_EXERCISE PROMPT_
Copy every entry below exactly as it appears, leaving out the images.

= Beginning of Section =

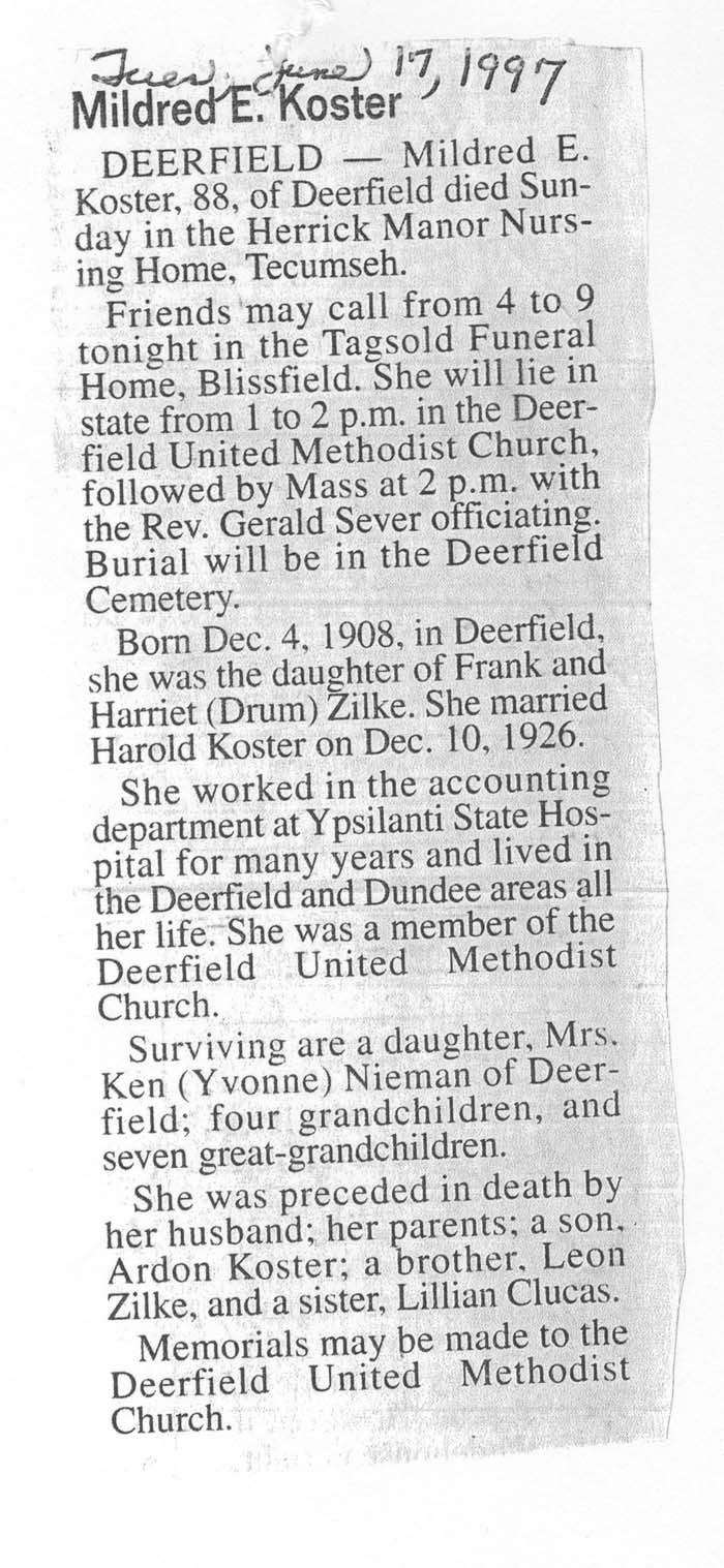 Obituary of Mildred E. Koster, born December 4, 1908 in Deerfield, Michigan. Resided in Deerfield, Michigan.
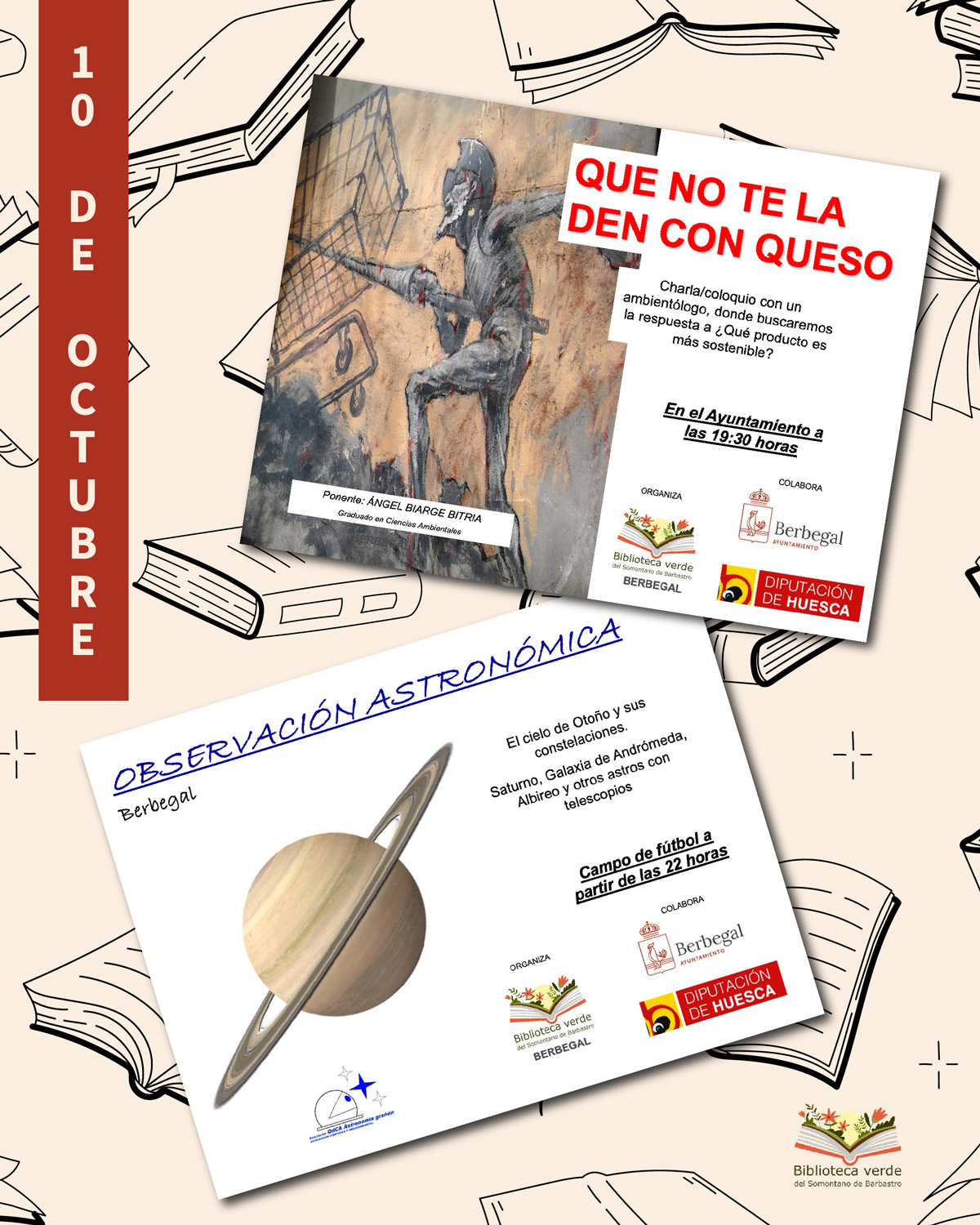 La Biblioteca de Berbegal organiza este viernes, 10 de octubre, dos actividades culturales y divulgativas abiertas a todos los públicos. Ambas son gratuitas y cuentan con la colaboración del Ayuntamiento de Berbegal y la Diputación Provincial de Huesca.Que no te la den con queso
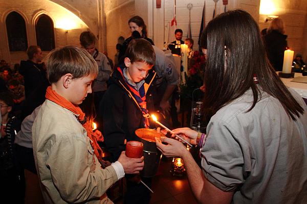 Philipp D. entzündet die Kerze für den Stamm Camilo Torres Ahrensburg und bringt es nach Ahrensburg, Bargteheide und Großhansdorf.
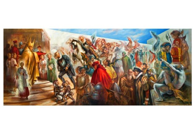 SESTA OPERA – COLONNA E ORSINI: ologramma di un sodalizio. In questo quadro emerge il tema del potere, rappresentata dalle due casate che, unendosi, sugellano e rafforzano i loro imperi. L’ologramma è l’elemento di unione tra reale e virtuale, filo conduttore dell’intero progetto. Oltre ai protagonisti Marcantonio e la sua futura sposa Felice Orsini, spicca l’elemento spirituale, raffigurato dal volo di angeli che benedicono l’unione dei due personaggi ma che simboleggiano anche il mistero, l’imprevisto, il pericolo raffigurato anche dalla figura scura che scende le scale, lontano dallo spazio idilliaco dell’ologramma. Felicità e dolore, sentimenti costanti della realtà umana
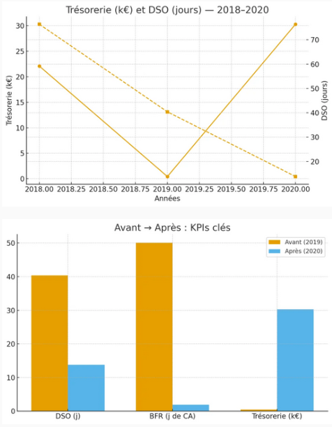 - Encaissements : DSO réduit de 76 jours à 13,8 jours ; relances désormais systématiques et tracées.
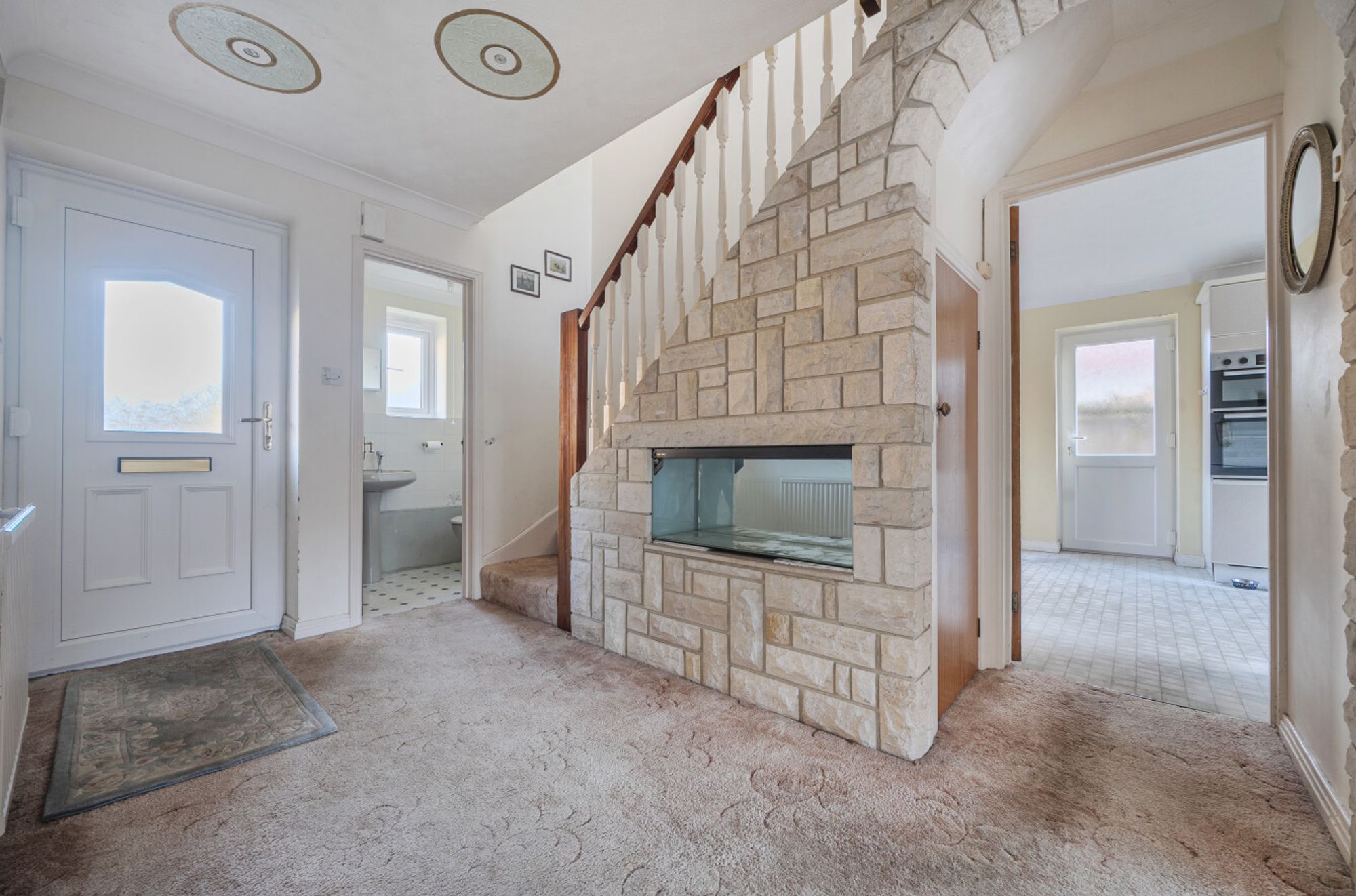 The front door opens onto a wide hallway with staircase to the first floor, doors to all ground floor rooms and an under stairs storage cupboard. The ‘L’ shaped reception room is double aspect with French doors opening to the garden and a feature fireplace. The kitchen is a large double aspect room with a comprehensive range of wall and base units with ample work top space and a large dining area. There are windows to the front and the rear of the kitchen and a half glazed door to the side of the house. Also on the ground floor is a separate cloakroom.
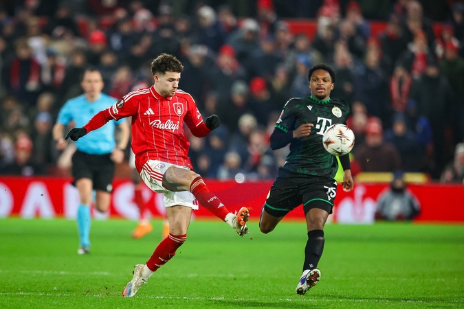 Neco Williams of Nottingham Forest kicks the ball away during the UEFA Europa League Matchday 8 of 8 Nottingham Forest vs Ferencvaros at City Ground, Nottingham, United Kingdom, 29th January 2026, Credit:Ae Cosgrove/News Images / Avalon
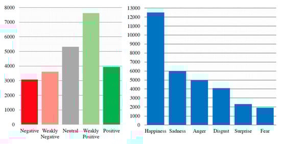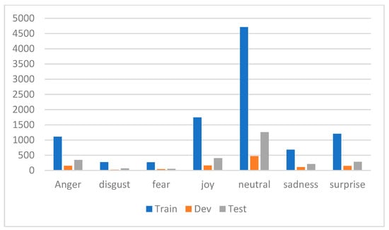 MELD: The Multimodal EmotionLines Dataset (MELD) is an enhanced and enlarged version of the EmotionLines dataset. In addition to text, MELD offers visual and audio modalities, and it shares EmotionLines’ dialogue instances. Moreover, 13,000 utterances and roughly 1400 lines from the Friends television series—which features multiple speakers—are included in the collection. Each sentence is associated with one of seven emotions: neutral, surprise, fear, anger, disgust, sadness, joy, or neutral. Moreover, MELD assigns a mood (positive, negative, or neutral) to every statement. Figure 10 illustrates the emotion distribution in the MELD dataset.
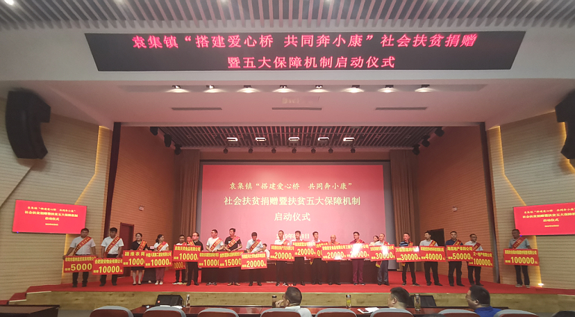 8月8日,阜合产业园园区社会事业局联合袁集镇在园区文化中心举行社会扶贫捐赠活动。文一地产阜阳分公司向袁集镇捐赠10万元善款,支持管委会脱贫攻坚工作的开展,并作为扶贫捐赠企事业单位出席会议。
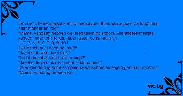 "Mama, vandaag hebben we leren tellen op school. Alle andere meisjes konden maar tot 5 tellen, maar luister eens naar mij:
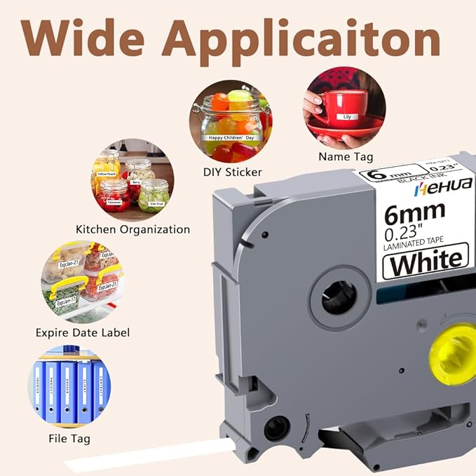 Hehua 6mm 0.23 Extra Strength Adhesive Laminated White Tape Compatible for Brother TZe-S211 TZeS211 TZ-S211 TZS211 for Ptouch PT D210 D200 H110 H100, 1/4'' x 26.2ft Black on White, 4 Pack
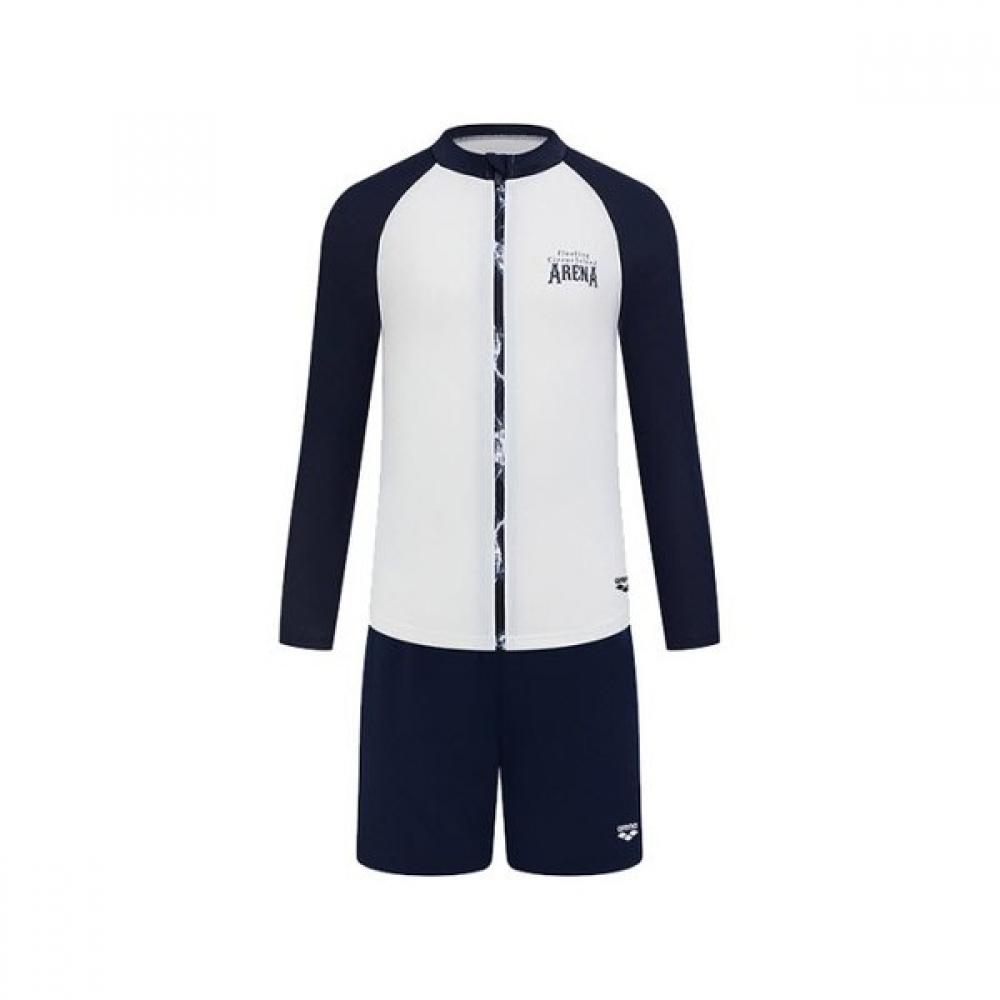 The Boy's Joy Rib Zip-Up Rash Guard Set is a swimsuit designed for children, suitable for active water play. This product offers a comfortable fit and excellent stretch, providing body protection while allowing for free movement. The zip-up design makes it practical for easy wear and removal.

= End of Section =

_EXERCISE SOLUTION_
 Obituary of Mildred E. Koster, born December 4, 1908 in Deerfield, Michigan. Resided in Deerfield, Michigan.
 La Biblioteca de Berbegal organiza este viernes, 10 de octubre, dos actividades culturales y divulgativas abiertas a todos los públicos. Ambas son gratuitas y cuentan con la colaboración del Ayuntamiento de Berbegal y la Diputación Provincial de Huesca.Que no te la den con queso
 Philipp D. entzündet die Kerze für den Stamm Camilo Torres Ahrensburg und bringt es nach Ahrensburg, Bargteheide und Großhansdorf.
 SESTA OPERA – COLONNA E ORSINI: ologramma di un sodalizio. In questo quadro emerge il tema del potere, rappresentata dalle due casate che, unendosi, sugellano e rafforzano i loro imperi. L’ologramma è l’elemento di unione tra reale e virtuale, filo conduttore dell’intero progetto. Oltre ai protagonisti Marcantonio e la sua futura sposa Felice Orsini, spicca l’elemento spirituale, raffigurato dal volo di angeli che benedicono l’unione dei due personaggi ma che simboleggiano anche il mistero, l’imprevisto, il pericolo raffigurato anche dalla figura scura che scende le scale, lontano dallo spazio idilliaco dell’ologramma. Felicità e dolore, sentimenti costanti della realtà umana
 - Encaissements : DSO réduit de 76 jours à 13,8 jours ; relances désormais systématiques et tracées.
 The front door opens onto a wide hallway with staircase to the first floor, doors to all ground floor rooms and an under stairs storage cupboard. The ‘L’ shaped reception room is double aspect with French doors opening to the garden and a feature fireplace. The kitchen is a large double aspect room with a comprehensive range of wall and base units with ample work top space and a large dining area. There are windows to the front and the rear of the kitchen and a half glazed door to the side of the house. Also on the ground floor is a separate cloakroom.
 Neco Williams of Nottingham Forest kicks the ball away during the UEFA Europa League Matchday 8 of 8 Nottingham Forest vs Ferencvaros at City Ground, Nottingham, United Kingdom, 29th January 2026, Credit:Ae Cosgrove/News Images / Avalon
 MELD: The Multimodal EmotionLines Dataset (MELD) is an enhanced and enlarged version of the EmotionLines dataset. In addition to text, MELD offers visual and audio modalities, and it shares EmotionLines’ dialogue instances. Moreover, 13,000 utterances and roughly 1400 lines from the Friends television series—which features multiple speakers—are included in the collection. Each sentence is associated with one of seven emotions: neutral, surprise, fear, anger, disgust, sadness, joy, or neutral. Moreover, MELD assigns a mood (positive, negative, or neutral) to every statement. Figure 10 illustrates the emotion distribution in the MELD dataset.
 8月8日,阜合产业园园区社会事业局联合袁集镇在园区文化中心举行社会扶贫捐赠活动。文一地产阜阳分公司向袁集镇捐赠10万元善款,支持管委会脱贫攻坚工作的开展,并作为扶贫捐赠企事业单位出席会议。
 "Mama, vandaag hebben we leren tellen op school. Alle andere meisjes konden maar tot 5 tellen, maar luister eens naar mij:
 Hehua 6mm 0.23 Extra Strength Adhesive Laminated White Tape Compatible for Brother TZe-S211 TZeS211 TZ-S211 TZS211 for Ptouch PT D210 D200 H110 H100, 1/4'' x 26.2ft Black on White, 4 Pack
 The Boy's Joy Rib Zip-Up Rash Guard Set is a swimsuit designed for children, suitable for active water play. This product offers a comfortable fit and excellent stretch, providing body protection while allowing for free movement. The zip-up design makes it practical for easy wear and removal.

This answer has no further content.